Creamy shrimp fettuccine with garlic, cream, white wine, and peppered with chopped blanched broccoli
- 2 to 3 cups broccoli florets, cut into bite-sized pieces
- 1 pound fettuccine (use rice-pasta for gluten-free version)
- Extra virgin olive oil
- 2 cups heavy cream
- 2/3 cup white wine
- 6 garlic cloves, thinly sliced
- 1/2 teaspoon freshly ground black pepper
- 1 pound peeled, deveined shrimp (if using frozen shrimp, defrost by running cold water over them for a few minutes)
- 2 Tbsp finely chopped fresh parsley
1 Heat salted water for pasta: Fill a large 8-quart stock pot at least half full with water and with 2 Tbsp of salt; bring to a boil.
2 Blanch broccoli: While the water is the large stockpot is heating, bring a smaller saucepan (2-3 quarts) half filled with water to a boil. Blanch the broccoli in the boiling water for 1 minute. Remove from heat. Drain and run the broccoli under cold water to stop the cooking. Set aside.
3 Cook and drain pasta: Cook the pasta in the large pot of boiling water according to the directions on the package (anywhere from 3 to 12 minutes, depending on the type of pasta you have) until al dente, or still slightly firm. Drain and toss with a little olive oil to keep from sticking.

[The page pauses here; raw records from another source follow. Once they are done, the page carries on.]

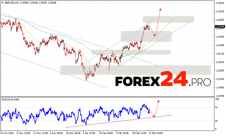 GBP/USD Forecast and Analysis for March 12, 2025 suggests an attempt to develop a fall and test the support area near the level of 1.2785. Then, continued growth with a target near the level of 1.3155. An additional signal in favor of the rise of the British Pound will be a test of the support line on the relative strength indicator (RSI). The cancellation of the growth option will be the fall of the British Pound against the US Dollar and a breakout of the 1.2625 area. This will indicate a continuation of the decline on the Forex pair with a potential target below the level of 1.2435.
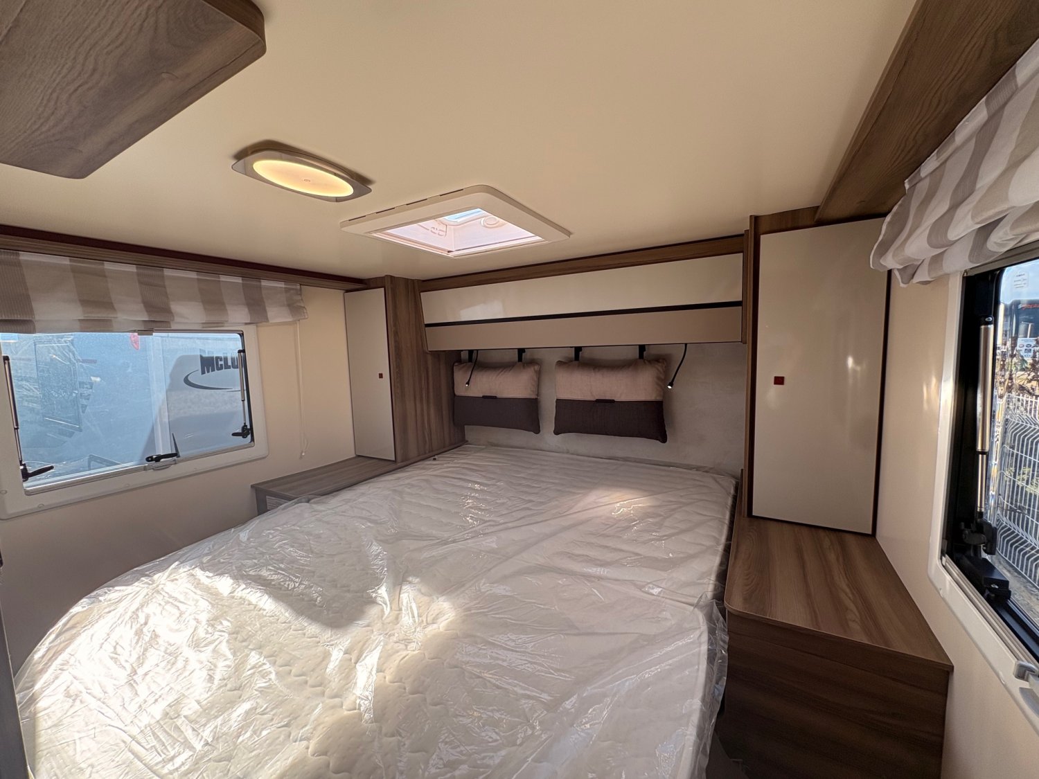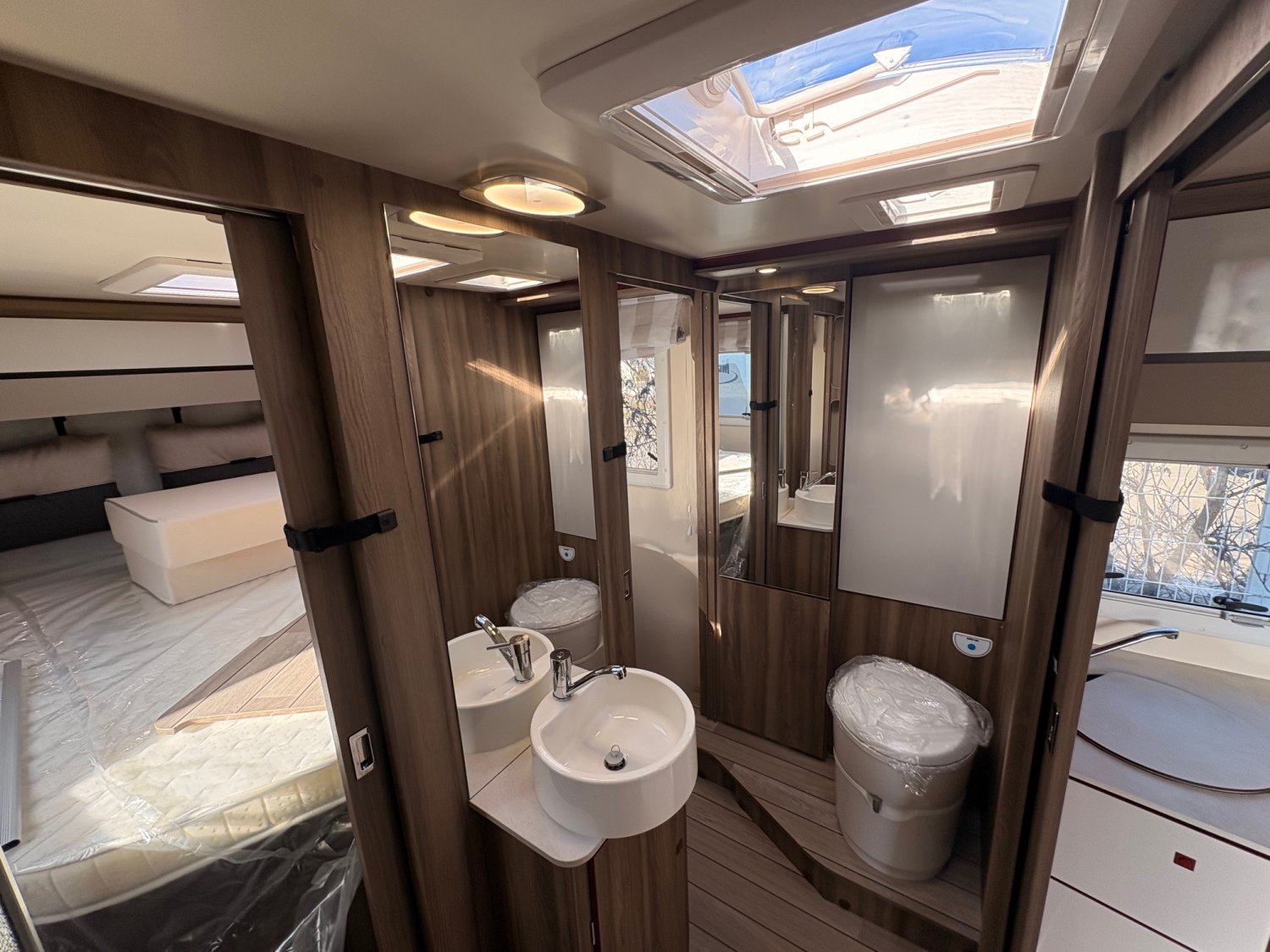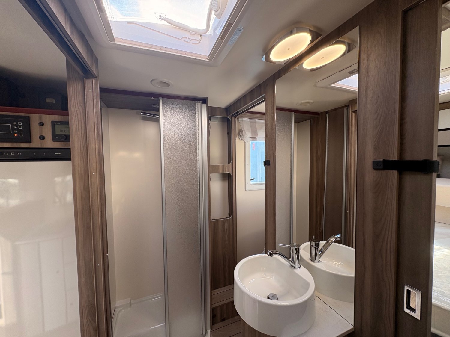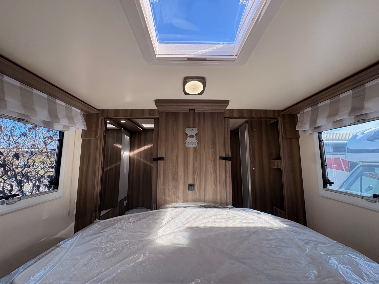Il intègre une salle d’eau centrale, un lit central confortable, et un habitat lumineux, permettant d'accueillir jusqu'à cinq convives grâce à une banquette en L et un sofa latéral.
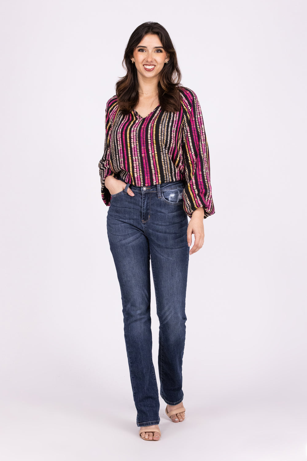 We love an easy, classic, blouse like this one! The Lights Off Top features a colorful print with balloon sleeves, elastic cuffs, and a V-cut neckline. Non sheer and woven with an oversized fit, the Lights Off Top will add a burst of color into your life and into your wardrobe.
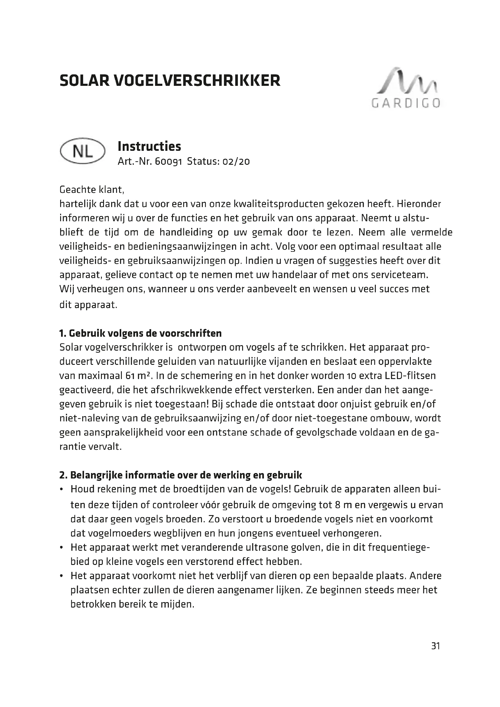GEBRUIKSAANWIJZING 60091 Gardigo
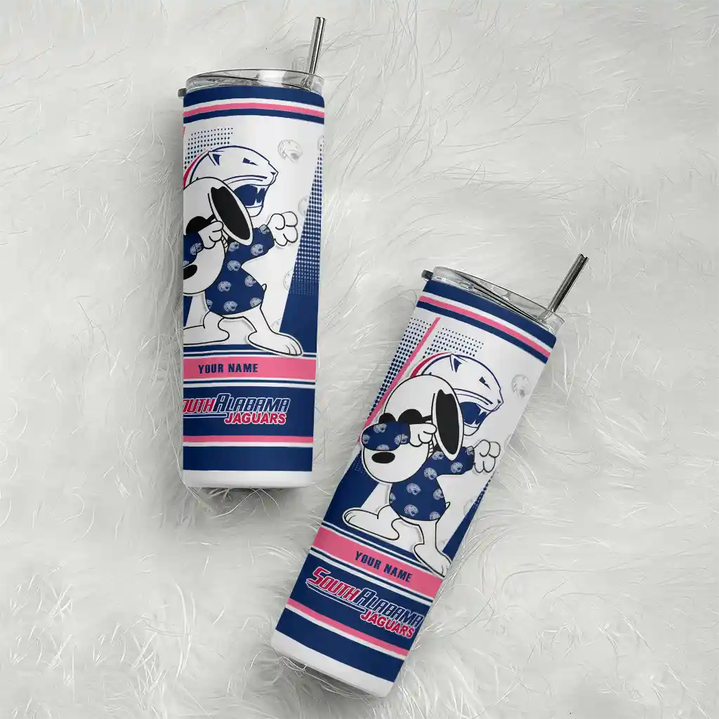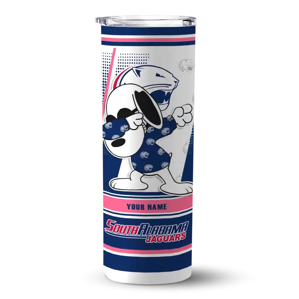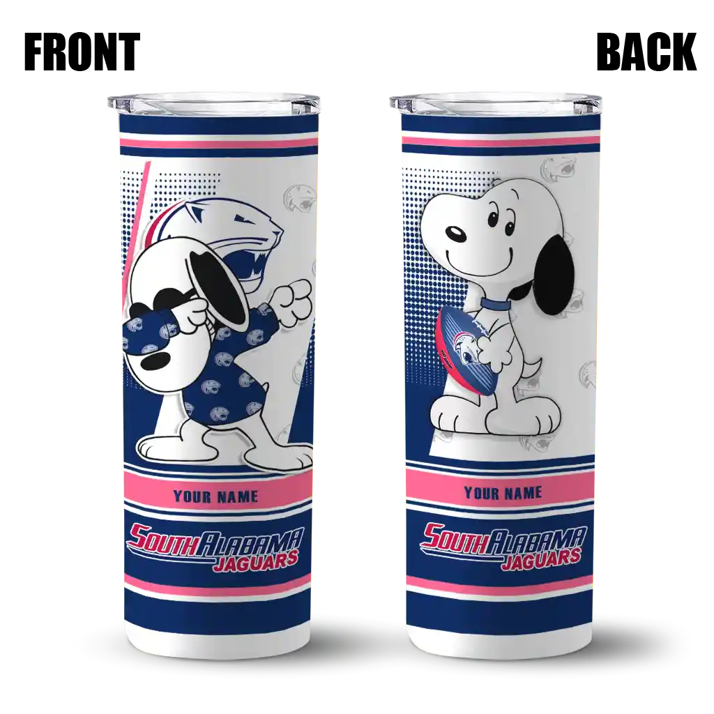 Customized South Alabama Jaguars Snoopy Dog Blue White Skinny Tumbler

4 Make the sauce: While the pasta is cooking, combine the cream, wine, garlic, and black pepper in a large skillet and bring to a simmer over high heat. Reduce the heat to medium and simmer for 7 to 10 minutes until the mixture thickens.
5 Add the shrimp: Add the shrimp and cook 2 to 3 minutes, until the shrimp have turned pink on all sides.
6 Combine: Toss in the broccoli and the parsley. Mix in the fettuccini. Salt to taste.